**GOAL OF THE EXERCISE**
Pictures must not appear in the copy. Restate exactly the lines below from the one with "- Material Seguro: Los" through the one with "AVEKA SEPATU SEKOLAH", inclusive.
:: EXTRACTED DATA ::
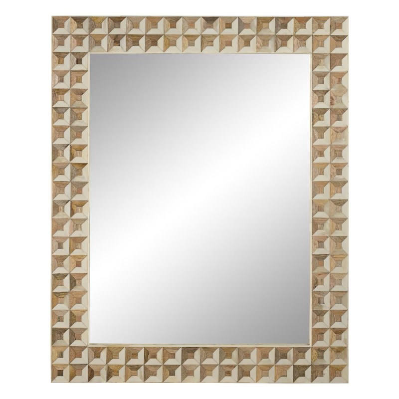 Featuring a stunning mosaic of bone and mango wood inlay, this mirror showcases a unique geometric design that adds texture and visual interest. Its classic rectangular shape is ideal for reflecting light and making your room feel more spacious. Versatile in design, it can be hung both horizontally or vertically to suit your space's needs. Perfect for transitional and contemporary decor, this mirror complements various styles. The geometric pattern is also available in matching side tables, trays, and boxes for a cohesive look. Due to the handcrafted nature of the materials, expect slight variations in color and finish, enhancing the natural beauty and individuality of each piece.
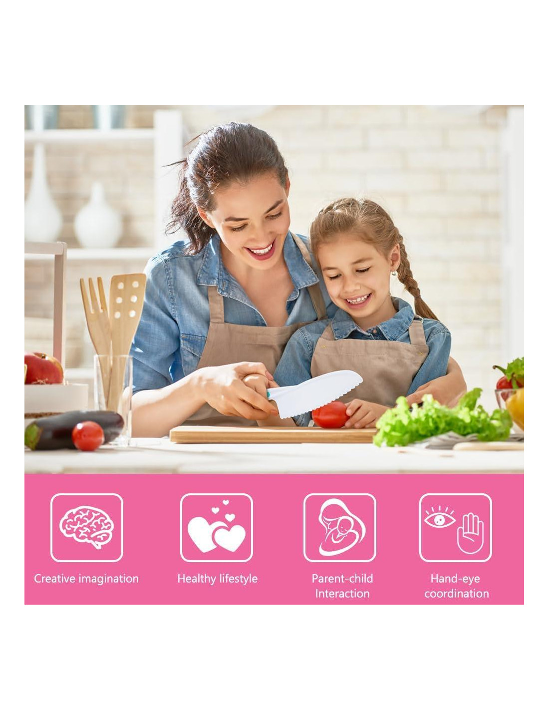 - Material Seguro: Los cuchillos de cocina para niños están hechos de material plástico de alta calidad, material libre de BPA, superficie suave y antiadherente, segura y resistente a altas temperaturas. El material de alta calidad hace que no sea fácil de romper y deformar, y duradero.
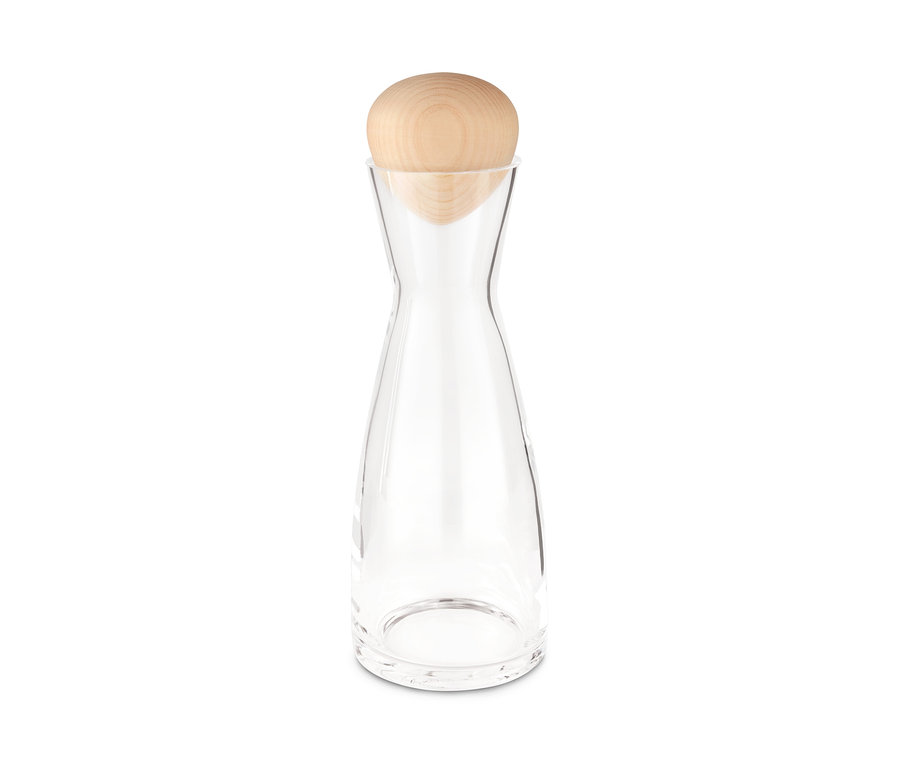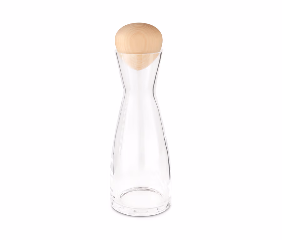 - Hochwertige Glaskaraffe mit einem Verschluss aus Zirbenholz
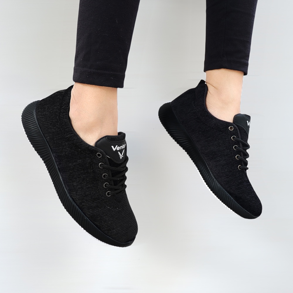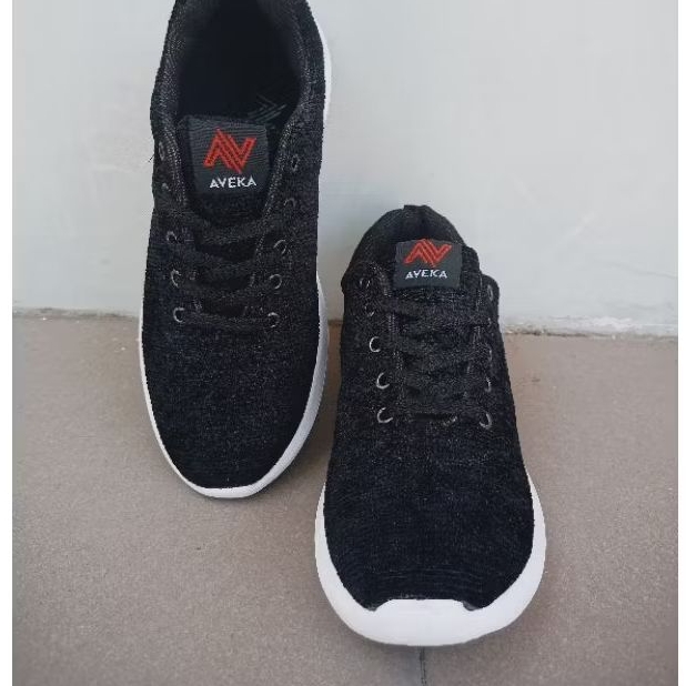 AVEKA SEPATU SEKOLAH HITAM FULL SNEAKERS PRIA WANITA
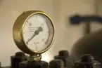Reflektion av kran i vattenpöl på botten av Gustav V:s torrdocka, Beckholmen, Stockholm.
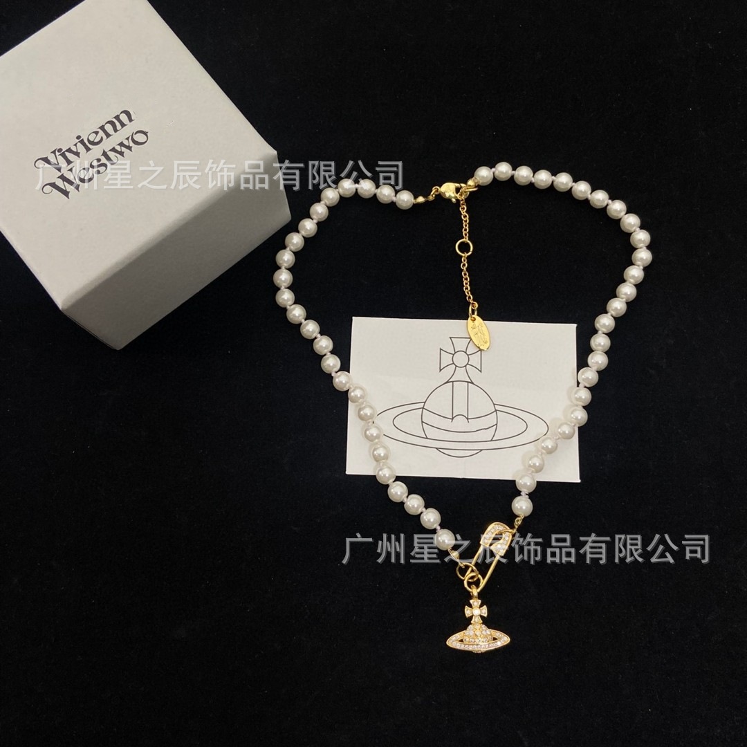 [True Same Edition] Empress Saturn Pin Pearl Full Diamond Necklace for Women High-End Light Luxury Clavicle Chain
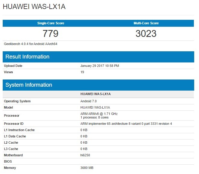 Il SoC che alimenterà il dispositivo sarà un ottimo HiSIlicon Kirin 655 affiancato da un quantitativo di RAM pari a 4GB. Grazie a questa configurazione il dispositivo riesce a registrare su GeekBench un punteggio di 779 punti in Single Core e 3023 punti in Multi Core. Con l’avvicinarsi dell’evento arriveranno di certo nuove informazioni.
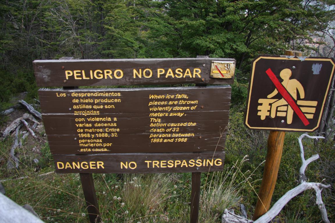Schilder warnen davor, die Weg zu verlassen. Menschen wurden schon von herabstürzenden Eismengenen erschlagen
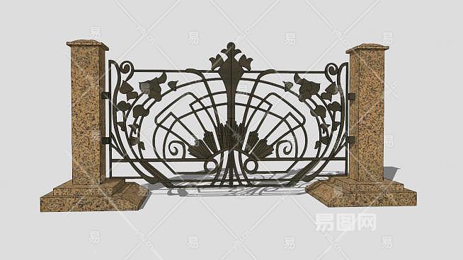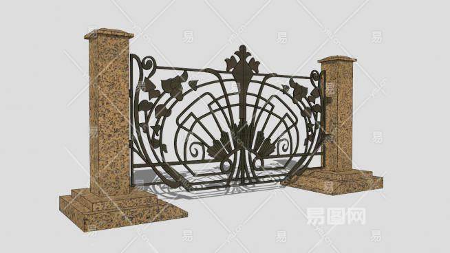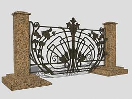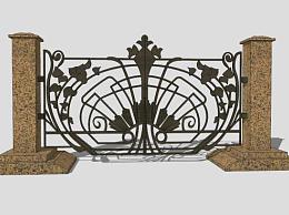 欧式创意栏杆铁艺大门SU模型下载_sketchup草图大师SKP模型
:::
**SOLUTION TO THE PROBLEM**
 - Material Seguro: Los cuchillos de cocina para niños están hechos de material plástico de alta calidad, material libre de BPA, superficie suave y antiadherente, segura y resistente a altas temperaturas. El material de alta calidad hace que no sea fácil de romper y deformar, y duradero.
 - Hochwertige Glaskaraffe mit einem Verschluss aus Zirbenholz
 AVEKA SEPATU SEKOLAH HITAM FULL SNEAKERS PRIA WANITA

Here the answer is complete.